Panama Papers : les raisons d’une publication partielle

Les Panama Papers ont fait trembler la planète pour leurs révélations sur le système international d’évasion fiscale. Lundi, une partie de la base de données qui a permis l’enquête menant à ce scandale a été publiée. Que faut-il en retenir ?

Le scandale Panama Papers a déjà fait beaucoup de bruit, mais les fuites ne sont pas encore terminées. La base de données qui a permis de mettre en lumière le scandale a été mise en ligne pour le grand public lundi. La publication intervient un mois après les premières révélations, sur ce qui est la plus importante affaire d’évasion fiscale jamais publiée. Des millions de documents sont désormais en accès libre, mais à quoi servent-ils ?

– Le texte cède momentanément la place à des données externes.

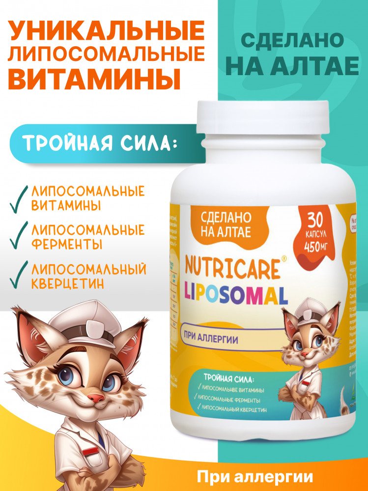 Серия: Nutricare Liposomal Витамины для детей. Комплекс при аллергии. Подарите своему ребенку радость каждого дня без аллергии! Наш продукт создан на Алтае, с заботой о вашем ребенке! Аллергия мешает вашему малышу наслаждаться весной, играми и прогулками? Чихание, зуд или дискомфорт портят настроение? Комплекс «Тройная сила» при аллергии с липосомальными компонентами — выбор заботливых мам, чтобы мягко поддерживать здоровье и комфорт вашего ребенка в сезон аллергий! |

  • Qui publie les données ?

La base de données est publiée par l’ICIJ, le Consortium international des journalistes d’investigation, basé à Washington.  L’organisation affirme que cette base est la “plus importante publication sur les sociétés offshore et sur les personnes qui sont derrière elles”. Mais seule une partie des 11.5 millions de documents des Panama Papers est aujourd’hui accessible.

  • Qu’apprend-t-on ?

Cette publication n’apporte pas beaucoup d’informations, puisque les principales révélations ont déjà été effectuées par les journalistes. Cette base de données assure en tout cas la transparence des données, réclamée depuis la publication des nombreux articles sur le scandale.

  • Qui est concerné ?

La base de données contient près de 214 000 noms d’entreprises et de particuliers et lève le voile sur des sociétés-écrans domiciliées dans 21 paradis fiscaux, des Iles Vierges Britanniques à Hong Kong en passant par l’État américain du Nevada. Les noms des entreprises-écrans et des personnes impliquées (quasiment toutes des anonymes) sont clairement exprimées, de même que les adresses des personnes et sociétés incriminées.

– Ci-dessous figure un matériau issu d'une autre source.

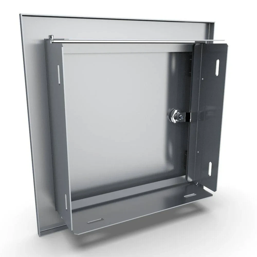 The Sunstone Signature Series Beveled Style 12″ x 12″ Access Door is your perfect solution for Outdoor Plumbing, Gas, Electrical, or Safety Access great for multiple installation types like Dry-Wall Board, Brick, Veneer Stone or Masonry Stacked Brick. In addition, this door is great for accessing the Bottom Vent of a Ceramic Grill and features a Turn-Latch which can be optionally replaced for a Locking Latch keeping internal components safe. The door is specially designed, so it can be turned 180 degrees allowing it to be opened either Left or Right Swing.
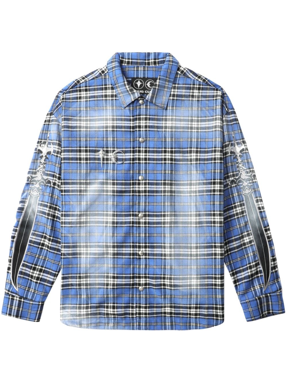 check-pattern shirt Highlights - Blue/multicolour - Check pattern - Front press-stud fastening - Classic collar - Long sleeves - Press-stud fastening cuffs - Sword print - Curved hem Imported Composition Outer: Polyester 65%, Rayon 33%, Spandex/Elastane 2% Lining: Polyester 65%, Cotton 35% Washing instructions Hand Wash

Pour la France, 304 sociétés offshore sont répertoriées. 1005 personnes sont désignées, 127 supplémentaires étant catégorisées comme intermédiaires. En tout, 873 adresses en France (DOM-TOM compris) sont révélées au grand jour. Les Etats-Unis, souvent considérés comme épargnés depuis le début de l’affaire, sont eux aussi concernés (6254 sociétés offshore, 7325 personnes nommées, 6860 adresses).

La page de Jérôme Cahuzac sur la base de données de ICIJ.
La page de Jérôme Cahuzac sur la base de données de ICIJ
  • Pourquoi ne pas les avoir révélé plus tôt ?

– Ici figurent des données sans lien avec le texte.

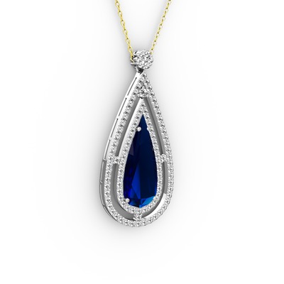 Lab safir ve swarovski 925 ayar gümüş kolye (40 cm altın rolo zincir)
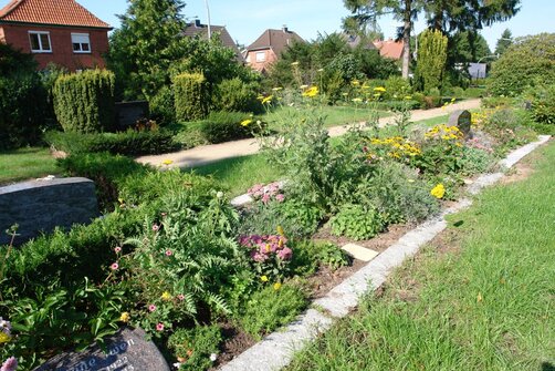 - In den Urnenwahlgräbern im „Urnengarten" auf dem „Neuen Friedhof" kann die Beisetzung der Urnen in der Erde oder in Urnenstelen erfolgen. Die Bepflanzung und Pflege der Grabstätten erfolgt durch die Friedhofsverwaltung. Eine eigene Bepflanzung ist nicht möglich.

La base de données n’a été rendue publique que lundi, mais on ignore encore les raisons précises de ce timing. Le directeur de l’ICIJ, Gerard Ryle, a expliqué que cette publication avait notamment pour but de voir émerger d’autres révélations grâce à la contribution de la société civile, en particulier dans les 120 pays dans lesquels des données existent mais où aucune enquête journalistique n’a pu être effectuée pour le moment. Les critiques liées au manque de transparence ont peut-être accéléré la diffusion des données, mais aucune explication officielle n’a été donnée.

  • Pourquoi il n’y a pas tout ?

L’ICIJ n’a pas souhaité communiquer l’intégralité des données à sa disposition, par respect de la vie privée. L’organisation dispose de mots de passe, d’accès à des messageries, ou comptes bancaires qu’elle ne considère pas comme nécessaires au public. Les copies d’e‑mails, ou de mémos ne sont pas non plus disponibles.